-- Your instructions --
Word for word, transcribe the lines below and drop the pictures.

---+---

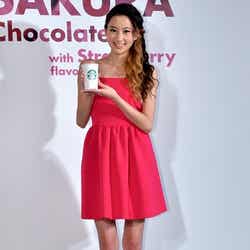 河北は18日、都内にて行われたスターバックスコーヒーのイベントに出席。鮮やかなピンクのセクシーミニワンピースで登場した河北は、「ウキウキな感じを表現してきました。春全開でいきます」と笑顔でこだわりを語った。
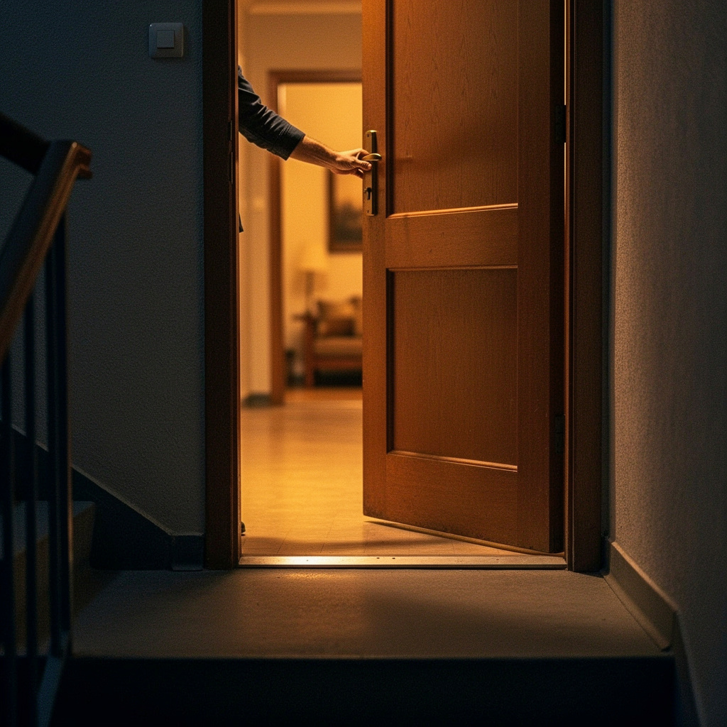 А через час муж вышел в коридор и произнёс ту самую фразу. Дверь там.
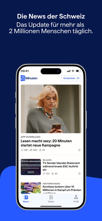 Es gibt viele News-Apps – doch die 20 Minuten App ist speziell auf die Anforderungen von Leserinnen und Lesern in der Schweiz zugeschnitten:
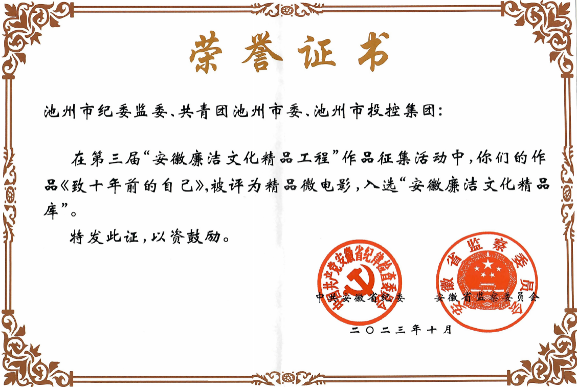 據(jù)悉,在第三屆“安徽廉潔文化精品工程”作品征集活動(dòng)中,池州市紀(jì)委監(jiān)委、共青團(tuán)池州市委、池州市投控集團(tuán)聯(lián)合攝制的廉潔微電影《致十年前的自己》,被評(píng)為精品微電影,入選“安徽廉潔文化精品庫(kù)”。
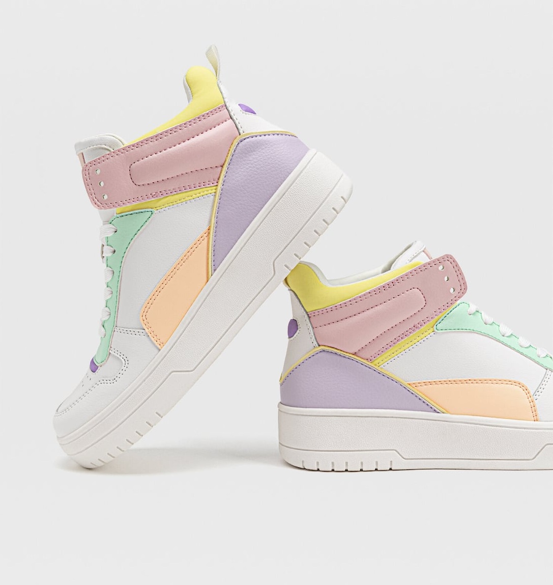 Ponemos fin a esta lista de zapatillas de Stradivarius con un modelo más de botines. Este con colores algo más llamativos, pero que siguen estando en tonalidades pastel. No cabe duda de que la firma se arriesga con la combinación, pero resulta evidente viendo la imagen que encabeza estas líneas que la elección no podría haber sido mejor.
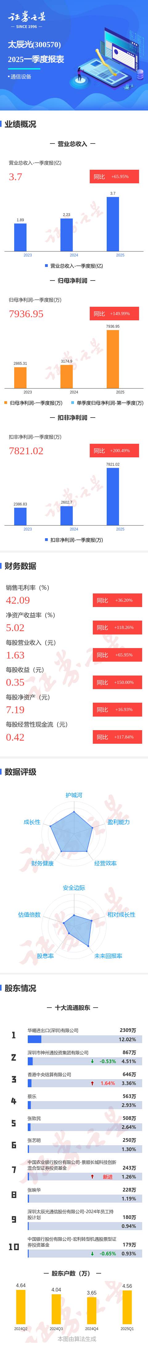 图解太辰光一季报: 第一季度单季净利润同比增149.99%
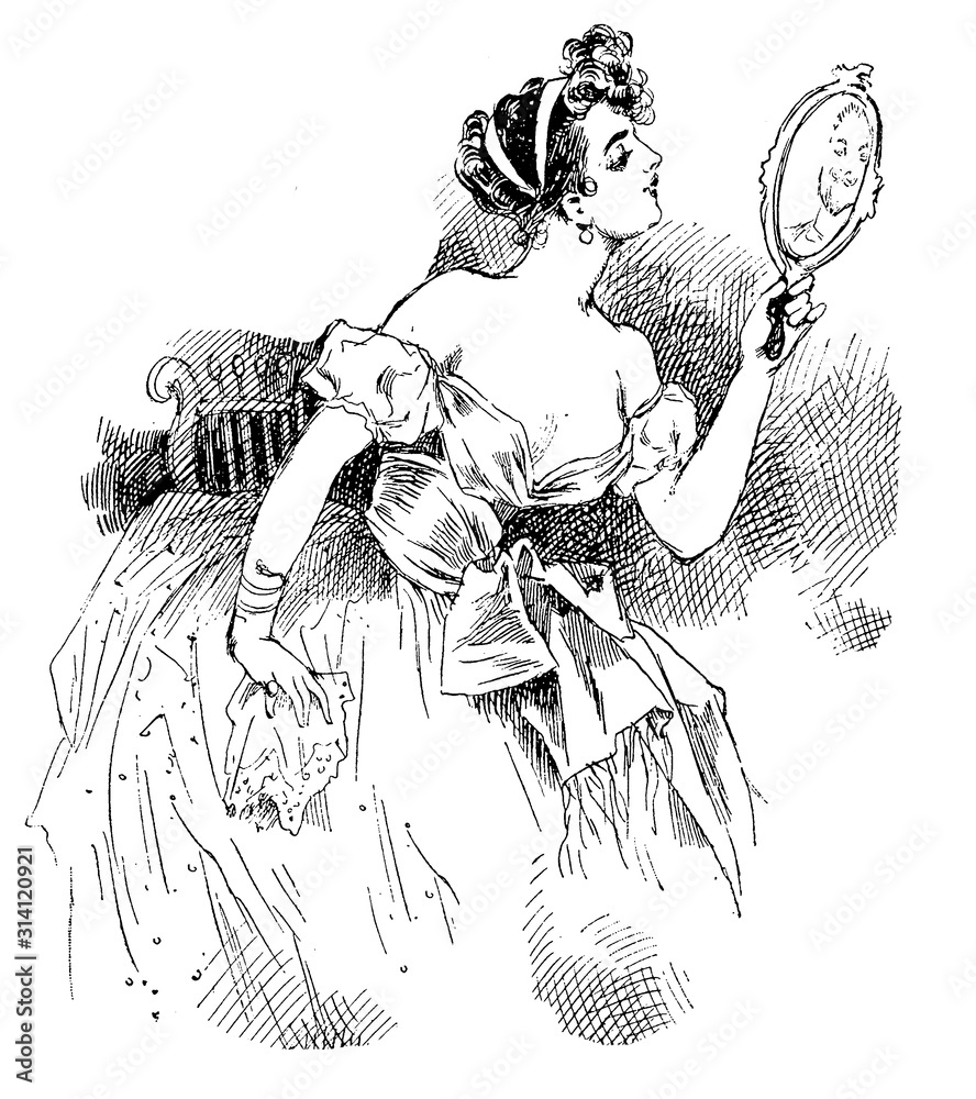 Obraz na plátně French humor and caricature: young attractive woman fancy dressed for a party lo
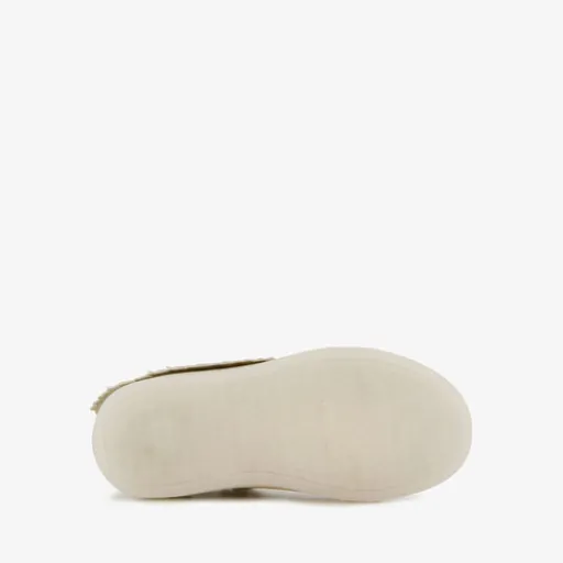 Hoge, goudkleurige sneakers voor meisjes van Blue Box. Het buitenwerk is gemaakt van imitatieleer, het binnenwerk van textiel en de buitenzool is van rubber. De sneakers hebben elastische veters met klittenbandsluiting voor een makkelijke instap. Het vaste voetbed is gemaakt van textiel. De hoge sneakers hebben een vleugel aan de buitenzijde, glitter op de hak en lichtjes in de zool. Deze gaan aan wanneer er op de schoenen gelopen wordt en zijn niet oplaadbaar.
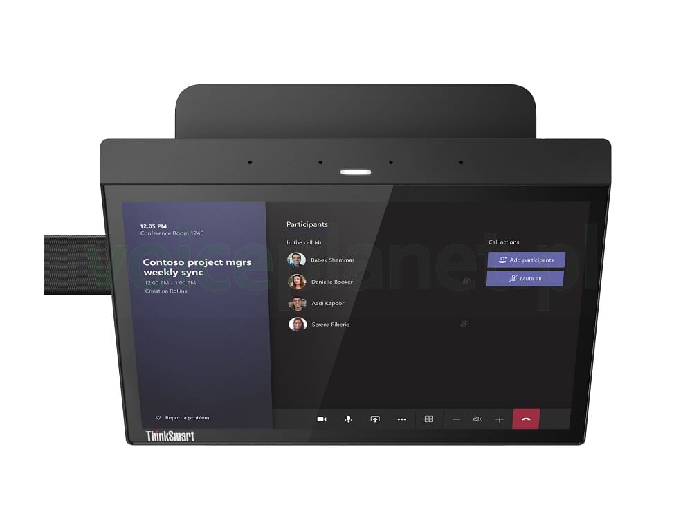 Teraz nie umknie Ci żadne słowo — ThinkSmart Hub ma cztery wysokiej klasy, pełnodupleksowe głośniki o mocy 3 W oraz cztery mikrofony w podwójnych konfiguracjach, dzięki którym sala spotkań i pomieszczenia uczestników zdalnych wypełnią się krystalicznie czystym dźwiękiem. Antyodblaskowy wyświetlacz o przekątnej 10,1” i odporny na zabrudzenia ma rozdzielczość FHD (1920 x 1200) oraz jasność 320 nitów. Urządzenie zajmuje minimum miejsca, a mechanizm z pojedynczym przewodem pomaga w zachowaniu porządku.
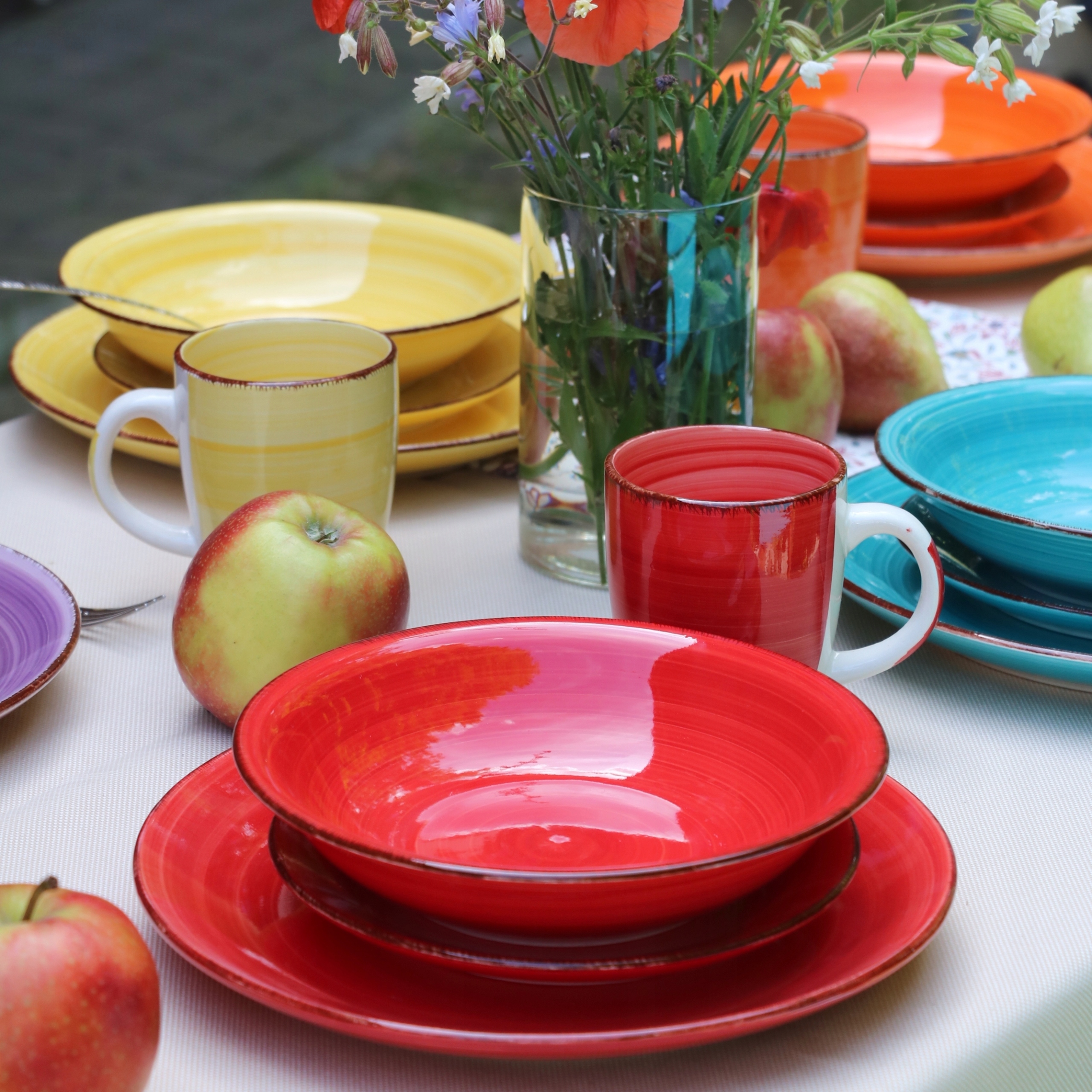 Предлагаем красивый набор керамических суповых тарелок6 оттенков красного/оранжевого/желтого/зеленого/синего/фиолетового.

---+---

-- Response area --
 河北は18日、都内にて行われたスターバックスコーヒーのイベントに出席。鮮やかなピンクのセクシーミニワンピースで登場した河北は、「ウキウキな感じを表現してきました。春全開でいきます」と笑顔でこだわりを語った。
 А через час муж вышел в коридор и произнёс ту самую фразу. Дверь там.
 Es gibt viele News-Apps – doch die 20 Minuten App ist speziell auf die Anforderungen von Leserinnen und Lesern in der Schweiz zugeschnitten:
 據(jù)悉,在第三屆“安徽廉潔文化精品工程”作品征集活動(dòng)中,池州市紀(jì)委監(jiān)委、共青團(tuán)池州市委、池州市投控集團(tuán)聯(lián)合攝制的廉潔微電影《致十年前的自己》,被評(píng)為精品微電影,入選“安徽廉潔文化精品庫(kù)”。
 Ponemos fin a esta lista de zapatillas de Stradivarius con un modelo más de botines. Este con colores algo más llamativos, pero que siguen estando en tonalidades pastel. No cabe duda de que la firma se arriesga con la combinación, pero resulta evidente viendo la imagen que encabeza estas líneas que la elección no podría haber sido mejor.
 图解太辰光一季报: 第一季度单季净利润同比增149.99%
 Obraz na plátně French humor and caricature: young attractive woman fancy dressed for a party lo
 Hoge, goudkleurige sneakers voor meisjes van Blue Box. Het buitenwerk is gemaakt van imitatieleer, het binnenwerk van textiel en de buitenzool is van rubber. De sneakers hebben elastische veters met klittenbandsluiting voor een makkelijke instap. Het vaste voetbed is gemaakt van textiel. De hoge sneakers hebben een vleugel aan de buitenzijde, glitter op de hak en lichtjes in de zool. Deze gaan aan wanneer er op de schoenen gelopen wordt en zijn niet oplaadbaar.
 Teraz nie umknie Ci żadne słowo — ThinkSmart Hub ma cztery wysokiej klasy, pełnodupleksowe głośniki o mocy 3 W oraz cztery mikrofony w podwójnych konfiguracjach, dzięki którym sala spotkań i pomieszczenia uczestników zdalnych wypełnią się krystalicznie czystym dźwiękiem. Antyodblaskowy wyświetlacz o przekątnej 10,1” i odporny na zabrudzenia ma rozdzielczość FHD (1920 x 1200) oraz jasność 320 nitów. Urządzenie zajmuje minimum miejsca, a mechanizm z pojedynczym przewodem pomaga w zachowaniu porządku.
 Предлагаем красивый набор керамических суповых тарелок6 оттенков красного/оранжевого/желтого/зеленого/синего/фиолетового.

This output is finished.